I don’t know whether I will suffer the blues from my recent departure from my role as pastor. I told the congregation in my last address that I would miss the worship team. I spent almost every Saturday night with them in practice and rehearsal making sure everything was done right. Little by little I hope in the Lord that I had made an impact. Even last Sunday, I gave a rebuke to singers who sing for singing sake without loving the songs and singing unto the Lord. I told them I sang one song 100 times in the past 6 months (Kau menungguku) and many songs multiple times even before they sing it in church or when I learn a new song and if I liked it, I would worship the Lord weeks with it or even months.

Wednesday, February 25, 2026

Fire & Earthquake (Psalm 18)

Without prophetic interpretation, every thing that happened or happens just by chance or just the run of the mill event. For sure, many things happen naturally and there is no interpretation needed. But I do not believe the massive earthquake (7.1 Richter Scale, some say it is 6.8) happens per chance. One Emeritus Professor of Tectonics in Scotland asked the question: Why there? Why just about 100kms from where I live in Kota Kinabalu?

Monday, February 23, 2026

A Vision: Sabah Earthquake

I had several visions over two days. It came in twos. The first vision came during my last rehearsal with the worship team. I was worshipping the Lord, and suddenly I saw a vision of angels. I saw the vision of angels a few times already and I thought the vision was just above me at church. Then after a minute or two as I worshipped, I saw another vision. This time I saw angels with banners and the map of Sabah drawn in red (Sabah’s borders were in red and the angels hovered over the West Coast where Kota Kinabalu and Kota Belud were located.

Saturday, February 21, 2026

17 Hours

It’s been quite a ride. It’s the Year of the Horse. At my age, some people might think I am riding into the sunset. But as I preached from the Jacob’s narrative last Sunday after Jacob had wrestled with God, the sun rose on him as he crossed the river Jabbok. Tomorrow I am crossing the river of Bundusan and returning to my home base. For me to have a home is already a miracle. 12 years into ministry, no money and no house and when I left for Singapore in 2008, I was penniless. I sold my one last car in order to support my son studying Form 6 in New Zealand.

24 Hours

There was a mini series by the name of 24 hours, one of my favourites series on TV. Now I am entering my final 24 hours as church pastor. I just received the order of service on tomorrow's Sunday service which will be my final act, preaching for one last time as the church pastor. There will be six people making speeches and a few special prayers. It will be good if we could finish by 11.30am, but if I preach one last long sermon I'd afraid that the finish time could be as late as 12 noon.

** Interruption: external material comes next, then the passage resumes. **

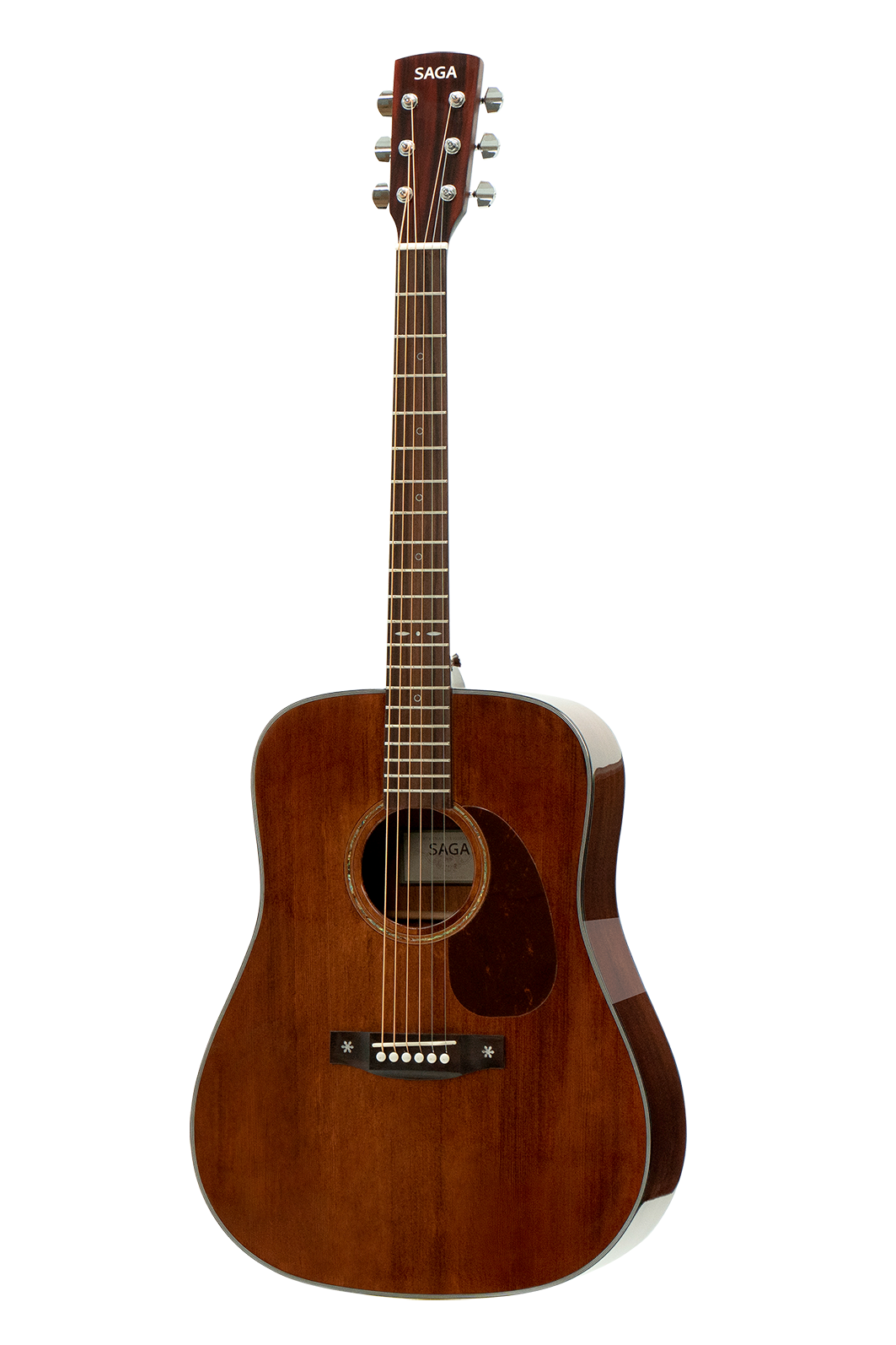 The SAGA 830 Series features a torrefied solid Sitka spruce top, whose heat-treated timber blends stiffness and elasticity to deliver a warm, open tone with a broad dynamic range and crisp articulation. Paired with mahogany back and sides that add warmth, focused mids and stable projection, the 830 offers refined tonal depth and reliable performance across changing climates.

Wednesday, February 18, 2026

When God Opened Doors

My first foray into overseas ministry outside of the State of Sabah came in early February 2008. I had resigned from my pastorate in July 2007 with my HQ's blessings, and then informed my elders before telling the church council in August 2007. I officially handed it my resignation letter on 1st October giving 6 months' notice concluding on 31st March 2008. As I had almost two months of annual leave not taken, I would end my active ministry in church on the 2nd week of February 2008 when I preached my farewell sermon. But many things intervened before that.

Monday, February 16, 2026

Celebrating with my Family

This year is especially difficult for me. My beloved mother passed away suddenly just over two months ago. If she were still alive, I won't be writing this blog as we would be having our reunion dinner. But this year my brothers had made other plans. So I shall be celebrating with my true family, my church. But the irony in a few days' time, I shall be bidding them farewell.